Big enough that investors will tolerate some weirdness. The U.S. insurance industry wrote $1.7 trillion in net premiums in 2024, according to the Insurance Information Institute. That’s the backdrop for why founders keep trying to rebuild slices of insurance with software.

Corgi’s nearer-term opening is smaller but still huge. One market forecast pegs the global cyber insurance market at $16.54 billion in 2025 and $32.19 billion by 2030, a 14.2% compound annual growth rate. And cyber is only one piece of what Corgi sells.

A structural shift is helping companies like this. Commercial insurance is getting more segmented by company size and product type. Risk profile matters more too. Startup buyers increasingly need policies tied to vendor security reviews, board requirements, and AI-related exposure.

What should investors watch next at Corgi?

The easy headline is the valuation jump.

The harder question is whether the Corgi insurance startup can turn that jump into something sturdier: more customers like Deel and broader product lines. Faster claims handling matters too.

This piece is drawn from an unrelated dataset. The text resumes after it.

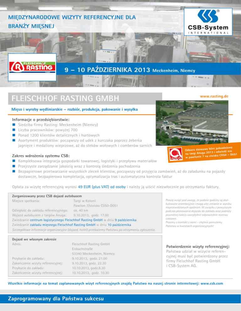 MIĘDZYNARODOWE WIZYTY REFERENCYJNE DLA BRANŻY MIĘSNEJ 9 – 10 PAŹDZIERNIKA 2013 Meckenheim, Niemcy FLEISCHHOF RASTING GMBH www.rasting.de Mięso i wyroby wędliniarskie – rozbiór, produkcja, pakowanie i wysyłka Informacje o przedsiębiorstwie: n Siedziba firmy Rasting: Meckenheim (Niemcy) n Liczba pracowników: powyżej 700 n Ponad 1200 klientów detalicznych i hurtowych n Asortyment produktów: począwszy od udek z kurczaka poprzez żeberka jagnięce i medaliony wieprzowe, aż do steków wołowych i comberów sarnich bilet jednodniowy Odbierz darmowy 13 i odwiedź nas 20 na targi Anuga 51 stoisku C050 – D0 w pawilonie 7 na Zakres wdrożenia systemu CSB: n K ompleksowa integracja gospodarki towarowej, logistyki i przepływu materiałów n P rzejrzyste zarządzanie jakością wraz z kontrolą śledzenia pochodzenia n B ezpapierowe przetwarzanie wszystkich zleceń klientów, począwszy od przyjęcia zamówień, aż do załadunku na pojazdy dostawcze, bezpapierowa kompletacja, optymalizacja tras i automatyczna kontrola faktur Opłata za wizytę referencyjną wynosi 49 EUR (plus VAT) od osoby i należy ją uiścić niezwłocznie po otrzymaniu faktury. Zorganizowany przez CSB dojazd autobusem Miejsce spotkania: Targi w Kolonii Pawilon 7/stoisko C050-D051 Odległość do zakładu referencyjnego: ok. 40 km Wyjazd autobusem z targów Anuga: 9.10.2013, godz. 17.00 Zwiedzanie centrum logistycznego Fleischhof Rasting GmbH w dniu 9 października Zwiedzanie zakładu mięsnego Fleischhof Rasting GmbH w dniu 10 października Proszę wziąć pod uwagę, że podane godziny są skalkulowane orientacyjnie i mogą ulec zmianie w wyniku nieprzewidzianych opóźnień. W związku z powyższym podczas planowania dojazdu do zakładu oraz podróży powrotnej należy uwzględnić odpowiednie rezerwy czasowe. Prosimy o kontakt z nami – chętnie pomożemy Państwu w kwestiach organizacyjnych! Szczegółowe informacje organizacyjne (dojazd, hotel) przekażemy Państwu po otrzymaniu zgłoszenia. Dojazd we własnym zakresie Adres: Przybycie do zakładu: Zakończenie wizyty referencyjnej: Przybycie do zakładu: Zakończenie wizyty referencyjnej: Fleischhof Rasting GmbH Eisbachstraße 53340 Meckenheim, Niemcy 9.10.2013, godz. 21.00 9.10.2013, godz. 22.30 10.10.2013, godz.8.30 10.10.2013, godz. 10.30 Potwierdzenie wizyty referencyjnej: Państwa udział w wizycie referencyjnej musi być potwierdzony przez firmy Fleischhof Rasting GmbH i CSB-System AG. Wszelkie informacje na temat zaplanowanych wizyt referencyjnych znajdą Państwo na naszej stronie internetowej: www.csb.com Zaprogramowany dla Państwa sukcesu Formularz zgłoszeniowy +48 - 71 - 3267199 Tak, wiążąco zgłaszam swój udział w wizycie referencyjnej: 9.10. – 10.10.2013 Fleischhof Rasting GmbH n Mięsoiwyrobywędliniarskie–rozbiór,produkcja,pakowanieiwysyłka n Meckenheim,Niemcy Opłata za wizytę referencyjną wynosi 49 EUR (plus VAT) od osoby. DANE OSOBOWE Pan Pani Nazwisko Imię Firma Branża Telefon Faks E-Mail Stanowiskowprzedsiębiorstwie Tak,wyrażamzgodęnaotrzymywaniedrogąelektronicznąinformacjiowydarzeniachinowościachCSB. Tak,jestemzainteresowanydojazdemzorganizowanymprzezCSB. Oświadczam,żezapoznałemsięzwarunkamidojazduiakceptujęichtreść. Podpis/Pieczęć send via mail Print W razie pytań jesteśmy do Państwa dyspozycji pod numerem telefonu +48 -71 - 3267180 Cieszymy się na Państwa przybycie! Organizator: CSB-System AG n An Fürthenrode 9-15 n 52511 Geilenkirchen, Deutschland Tel.: +49 (0) 2451 625-0 n Fax: +49 (0) 2451 625-291 n [email protected] www.csb.com n CSB-System działa w ponad 40 krajach na świecie. PL08/2013©CSB-SystemAG

So does evidence that AI underwriting is improving economics rather than just compressing sales cycles.

Read how Anthropic raised a $65B funding round at a $965B valuation to expand Claude’s enterprise AI platform with stronger coding agents, agentic workflows, and safety-focused large language models.

FAQ

What funding did Corgi raise in May 2026? 

 Corgi raised $106 million in a Series B1 announced on May 28, 2026, at a $2.6 billion valuation. That came just 3 weeks after its $160 million Series B at a $1.3 billion valuation and 4 months after a $108 million Series A, bringing total funding to $378 million.

How does Corgi’s startup insurance platform work? 

 Corgi runs a digital insurance flow built for tech companies, where founders can apply online, get quoted in minutes, and often bind coverage the same day. It sells stage-based packages for pre-seed, Series A, and growth companies. Customers can also add policies like cyber, Tech E&O, D&O, EPLI, and fiduciary coverage from the same platform.

Who are the founders of Corgi? 

 Corgi was founded in 2024 by Emily Yuan and Nico Laqua. Before that, they built Picnic, which evolved into Basket Entertainment — a gaming business that had 35+ titles and 150 million monthly users. It also had $6 million in 2023 revenue, and helped land the pair on Forbes’ 30 Under 30 list in 2024.

Is Corgi a broker or an insurance carrier? 

 Corgi presents itself as a full-stack insurance carrier, which is a big part of how it distinguishes itself from startup-insurance brokers. That means it controls more of the underwriting and claims experience directly, instead of only acting as a distribution layer between founders and outside carriers.